The best way to combat vendor hype and FUD, says Koenig, “is to know what your security problems are before you look at vendors to solve them. Only a business knows what problems you have ― a guy in a booth or cold calling you shouldn’t tell you what problems they think you have.”
When you fully understand the problems you have, he continues, “then go research the vendors yourself, hit the forums, ask your peers before you pick up the phone, talk to everyone but the vendor before you talk to the vendor. When it comes time to bring the vendor in always have the vendor prove it. Make them show the tools solving your problems, not a vendor made canned demo that will work 100% of the time showing you the buzzwords in action. Whatever you decide you will have to deal with it long after the sales team moves on. If you bring something in that doesn’t solve your problems, the vendor won’t be held accountable.”
‘Try before you buy’ is the repeated recommendation. Bill Burns thinks this is a new and growing option that may eventually solve the hype and FUD problem. “With the advent of mobile, SaaS and cloud computing, companies can now offer ‘trial versions’ of their software on the same infrastructure and offer the same user experience as the ‘real product’. Vendors can now show off their products ― warts and all ― directly to their target customers with the obligation to prove value in their product. The time between ‘awareness of an unmet need’ and ‘testing a solution’ is growing smaller quickly; good marketers know that relying on ‘hype’ will generate a negative reaction even faster than before.”
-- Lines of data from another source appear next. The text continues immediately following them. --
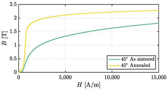 Comprehensive information on the measurements and the experimental setup can be found in [19]. The findings, shown in Figure 11, were incorporated into the 2D-FEA software (FEMM 4.2) to conduct simulations with the final material. The annealing process significantly enhanced the alloy’s magnetic capabilities, achieving saturation similar to that of conventional FeCo lamination stock. The sample in its initial state had a lower initial slope, indicating reduced initial permeability, whereas the heat-treated sample presented a steeper initial slope, reflecting a marked improvement in initial permeability. The BH curve of the annealed FeCo49V2 sample was employed for the simulations.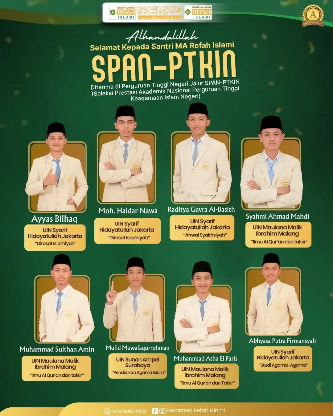 #SPANPTKIN #PrestasiSantri #RefahIslami #SantriBerprestasi #MencetakUlama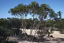 White mallee is found on sandplains on the south western Goldfields-Esperance , Wheatbelt and Great Southern regions of Western Australia growing in mallee shrubland in sandy or clay sand soils with lateritic gravel.[2][4]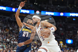 Phoenix Suns forward Dillon Brooks, front, drives past Denver Nuggets guard Jamal Murray (27) in the first half of an NBA basketball game Saturday, Oct. 25, 2025, in Denver. (AP Photo/David Zalubowski)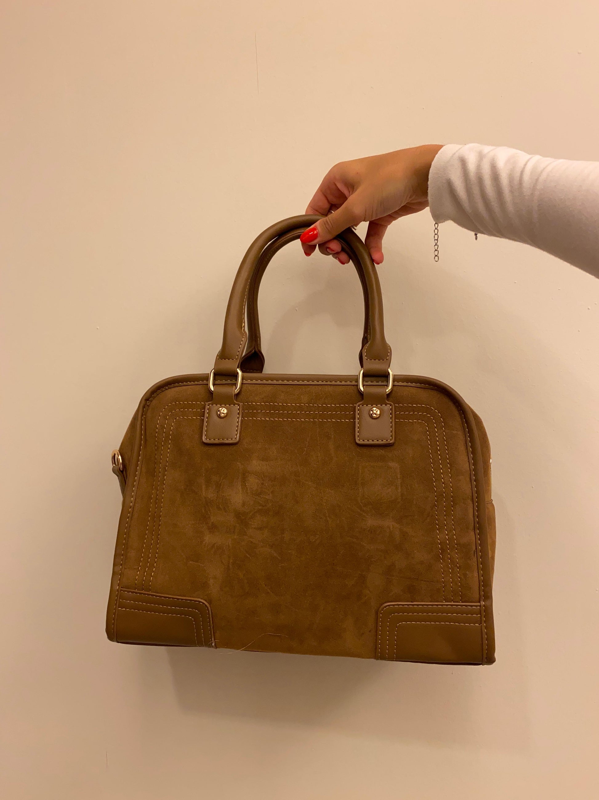 La borsa Margot scamosciata unisce eleganza e struttura grazie alle cuciture evidenti che ne definiscono il design. Accessoriata di tracolla regolabile, diversi scompartimenti e taschine interne.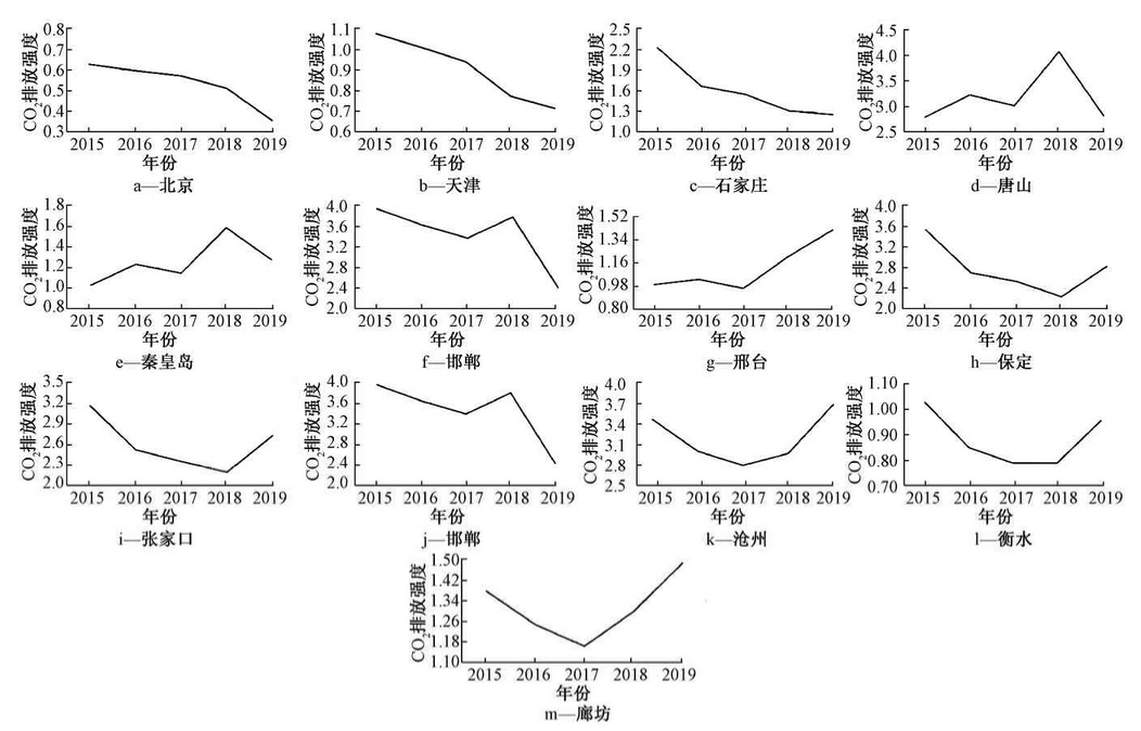 圖2為京津冀城市群CO2排放強度特征及變化趨勢??梢灾庇^地看出:中國CO2排放強度地區(qū)分布呈現(xiàn)顯著的非均衡特征,北京市的CO2排放強度最低,近5年碳排放強度為0.36~0.64 t/萬元GDP。其次是天津市和衡水市,其排放強度較小,但仍是北京市碳排放強度的1倍左右,為0.71~1.07 t/萬元GDP。廊坊、邢臺和秦皇島的CO2排放強度居中游水平,近5年碳排放強度為0.96~1.59 t/萬元GDP。唐山、保定、邯鄲、滄州和張家口的CO2排放較高,碳排放強度為2.19~4.07 t/萬元GDP,特別是2018年的唐山市,CO2排放強度最高,達到4.07 t/萬元GDP。

There is no ultimate solution. Salesmen will continue to sell the products they represent rather than the correct solutions. Publications will continue to seek readers by making their news stories as ‘interesting’ as possible. The combination will always drift towards Ian Levy’s winged ninja cyber monkeys; but if Bill Burns is correct, the new Information Age may make it a self-correcting issue through the democratization of information. The new element is the citizen journalist ― the independent blogger who does not hesitate to correct the professional journalist who makes a mistake, nor criticize a product that is over-hyped or inadequate. Independent blogs will keep both publications and vendors honest.
David Harley is both a security researcher and a prolific blogger. “There's no doubt that emotive language relating to warfare and/or epidemiology has long been a staple of security-related marketing (and journalism!). I can't say I like it – much of my career in security has been devoted to damping down the fires of hyperbole and advocating less drama and more precision,” he says.
“But I'm most concerned by the misuse of language in ways that are actually deceptive rather than everyday sloppiness. It annoys me (quite disproportionately) when a system is described as 'infected' when 'compromised [by some form of Trojan]' would be more accurate; or when people use 'virus' as a synonym for 'malware'. However, I regard it as frankly deceptive when people evade the distinction between 'successful attacks' and 'attempted attacks' because saying 'ten million systems were attacked' is more dramatic and makes a marketing point more effectively than adding that '0.001% of attacks were actually successful'...
Over time, bloggers like Harley could disarm, if not remove, the winged cyber ninja monkeys by keeping journalists honest and vendors truthful.